Bronx priest and brother of deceased Genovese Boss dies at 90
The Bronx priest whose brother was oddball Genovese crime-family boss Vincent “The Chin’’ Gigante has died at age 90.
The Rev. Louis Gigante, who once headed up the South East Bronx Community Organization and served as a city councilman in the 1970s, was known for his vociferous defense of his Mafioso brother.
Louis Gigante, who died last week, was described by The Post in 1975 as a “priest who plays power politics instead of bingo.”
At the time, he told The Post his old-school party-machine politics were “a question of power.
“People have to eat,” Louis said.
Born the youngest of five boys to immigrant Italian parents, Gigante grew up with his family in Greenwich Village. His older brothers went on to become mobsters, with Vinnie rising through the ranks of the Genovese crime family to lead the organization for decades.
The mumbling, pajama-wearing, Greenwich Village-walking don died in prison in 2005 after his conviction on charges of racketeering and conspiracy to kill rival mob boss John Gotti.
Presiding over his brother’s funeral Mass, Louis Gigante said Vinnie “lived a Christian life and was a good man.”
Louis Gigante defended his brother during his trial — at which the mob boss would often appear confused — telling reporters that “The Chin” had suffered from a degenerative brain condition since the ’70s.
When a Mafia turncoat told the feds that Louis Gigante himself was a made man — testimony the informant later denied at trial — the priest was dismissive.

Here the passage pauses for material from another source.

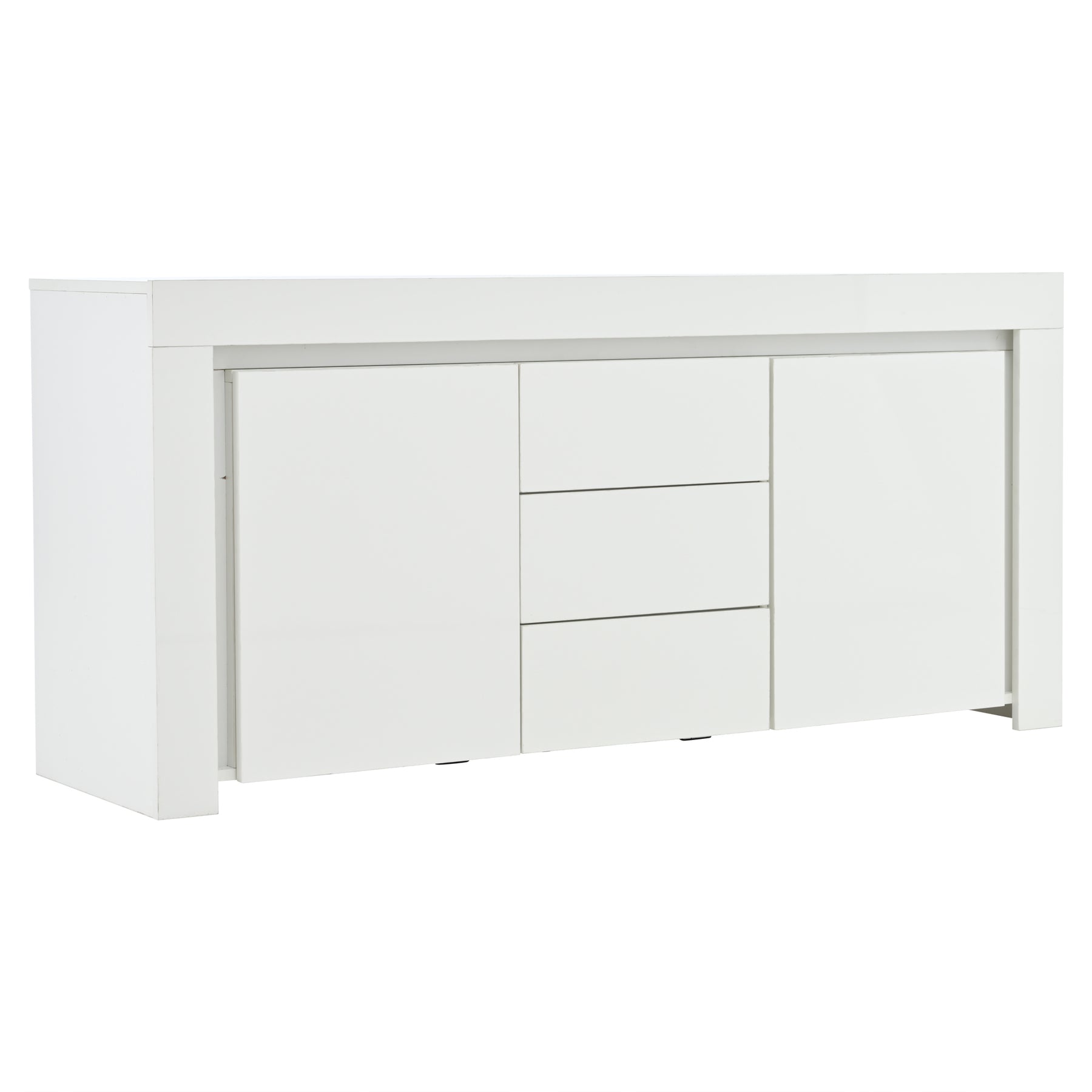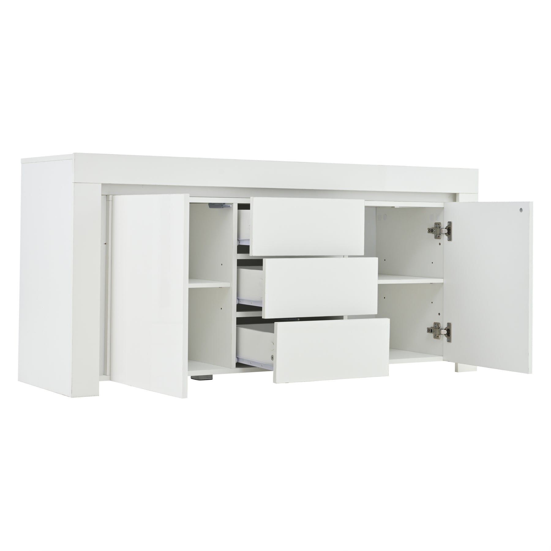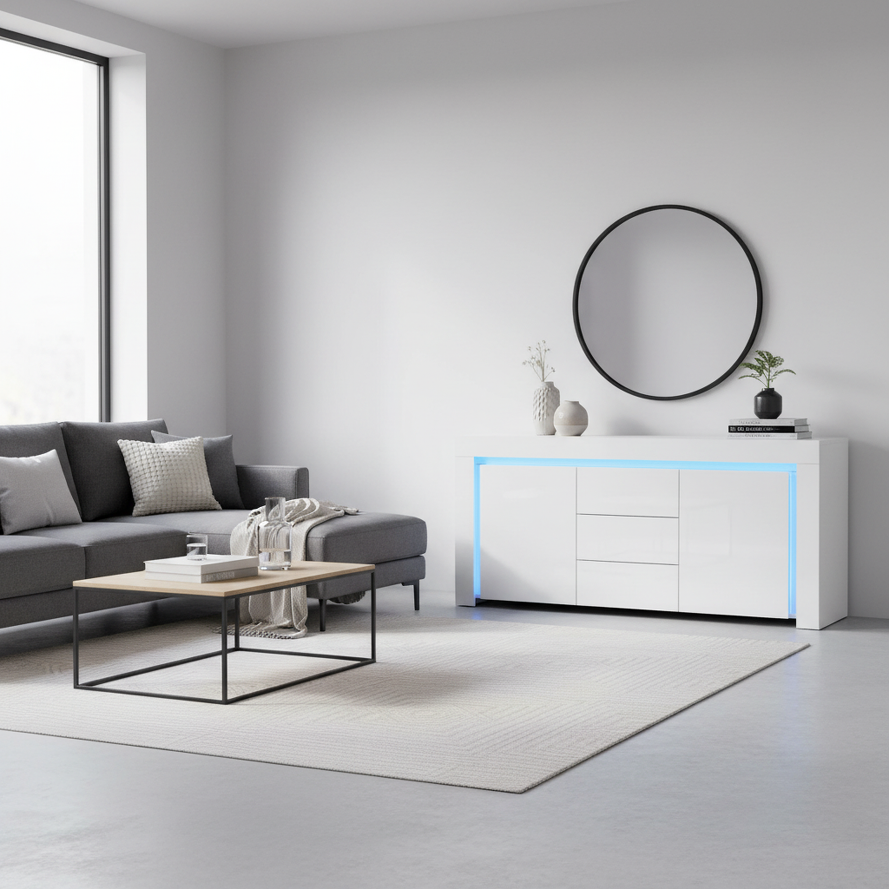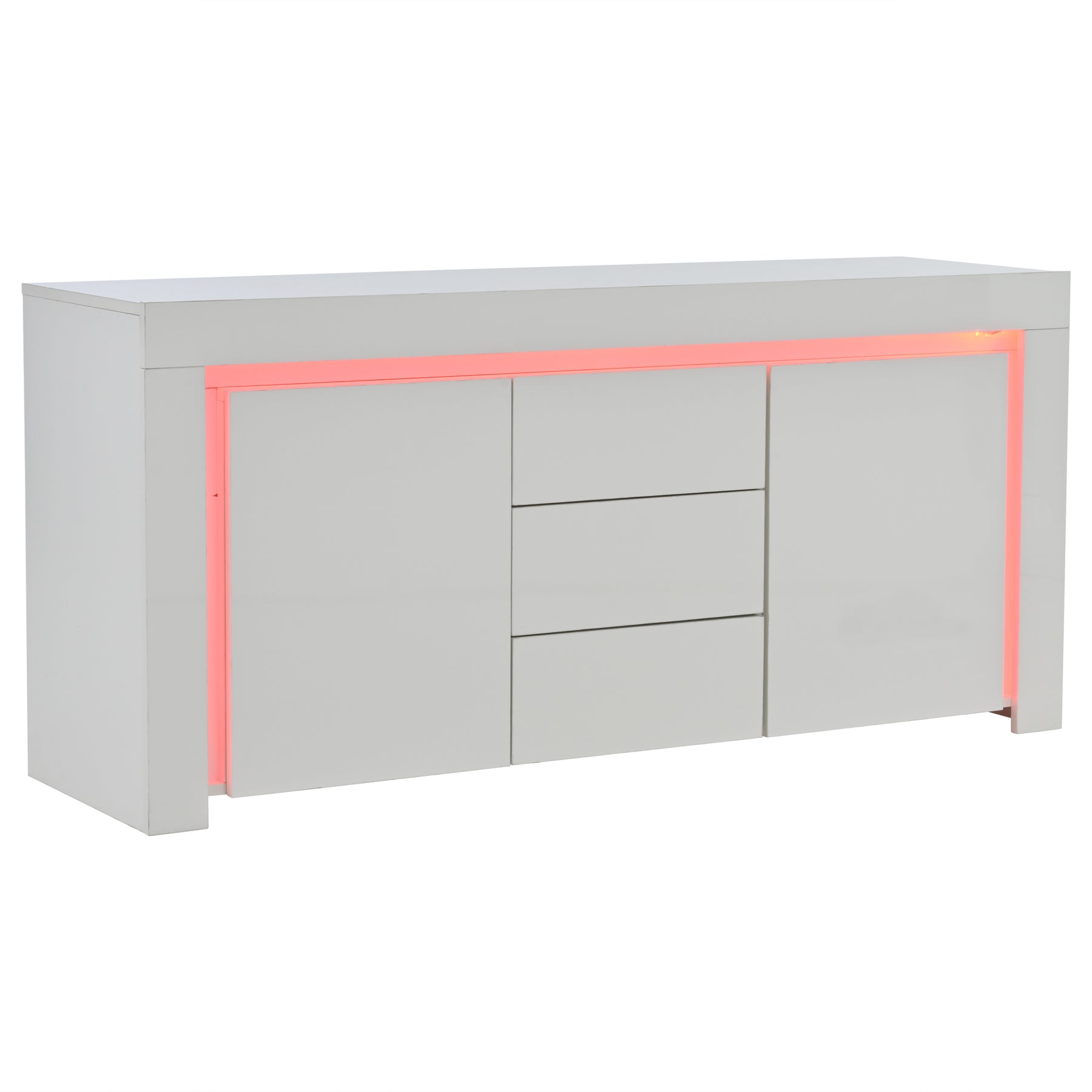 Buffet blanc laqué brillant avec éclairage LED 2 portes 3 tiroirs EUGLENOID

“Not a bad movie, but even Hollywood doesn’t go that far,” Louis quipped to the Post in 1997.
As head of SEBCO, Louis Gigante was instrumental in the revitalization of one of the most impoverished sections of The Bronx, bringing relative safety and stability to a neighborhood that had literally been in ruins.
But his success there caught the eye of government investigators in the 1990s, who suspected the involvement of Genovese-connected contractors in SEBCO’s rebuilding efforts. No charges were ever filed against Louis Gigante or his organization.
Louis made headlines in the 1980s as well — when he used $25,000 of his own money to bail out one of the so-called “Central Park Five,” a group of teenagers arrested, falsely convicted and ultimately exonerated for the brutal rape of a Manhattan jogger.
“Everyone who’s so filled with anger about these suspects should ask themselves, ‘what if this were my son, wouldn’t I want him helped?’ ” the priest said at the time.
He also ended up in the news last year when he was slapped with lawsuits accusing him of sexually assaulting a 9-year-old boy in the 1970s and a 10-year-old girl in the 1960s. He did not comment on the two suits at the time. Both lawsuits were still pending at the time of his death, the New York Times said.